All flights canceled this Thursday in Beauvais, Brest and Carcassonne

The Directorate General of Civil Aviation has asked airlines to cancel Thursday all their flights departing from or arriving at the airports of Beauvais, Brest and Carcassonne due to a strike by air traffic controllers. On Wednesday, the DGAC had called for the abolition of half of the flights at Beauvais (Oise) airport alone for Thursday, but it extended these measures “given the monitoring of the movement observed in the air navigation organizations of Beauvais, Brest and Carcassonne,” she said in a statement.
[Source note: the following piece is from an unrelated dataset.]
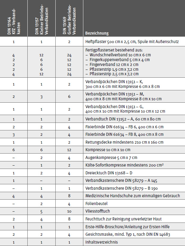 | KFZ-Verbandkasten | – DIN 13164 "Erste-Hilfe-Material – Verbandkasten B" |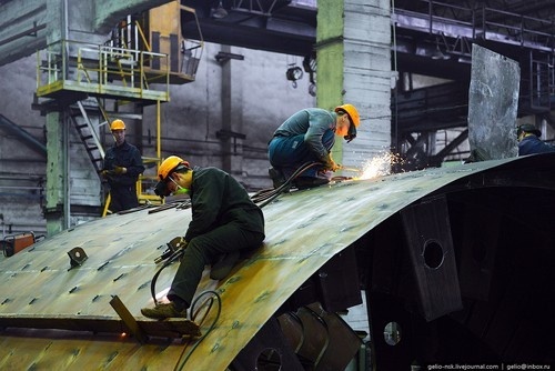 | Dây chuyền đóng tàu ngầm đang được vận hành hết công suất. |

The administration justified the measure by “a national strike notice […] filed by a trade union representative of air traffic controllers”. The union in question, the Usac-CGT, is protesting against the social protocol being negotiated with the DGAC, which according to it “confirms a desire to disrupt the organization of work of people in civil aviation, while implementing degradation of the service rendered”.

A “questioning of the right to strike”

This is a text “as it stands, unacceptable”, said Usac-CGT in a press release. This union had already been at the forefront of the protest movement against the pension reform, which had caused cascading flight cancellations and delays between March and May.

The Usac-CGT also denounced the vote on June 15 in the Senate of a bill aimed at better organizing air traffic in the event of a strike. It is a “questioning of the right to strike” and warned that “the promulgation of this law would constitute an extraordinary setback of this constitutional right” according to the organization.

Beaune in favor of legislative change

Currently, unions in air traffic control must file any strike notice five days before a movement, but strikers do not have to declare their individual participation, unlike other employees in the sector. They will have to do so from now on under this bill. This reform must now be examined by the National Assembly.

The Minister Delegate for Transport, Clément Beaune, said he was in favor of such a change in the law after a surprise work stoppage on February 11 by air traffic controllers, in the absence of a call for a strike, which had led the DGAC to have one out of two flights at Paris-Orly canceled in disaster. The DGAC stressed that Thursday’s notice “concerns many sites but not the main French airports or the five en-route control centers” which manage the trajectories of aircraft flying over the territory.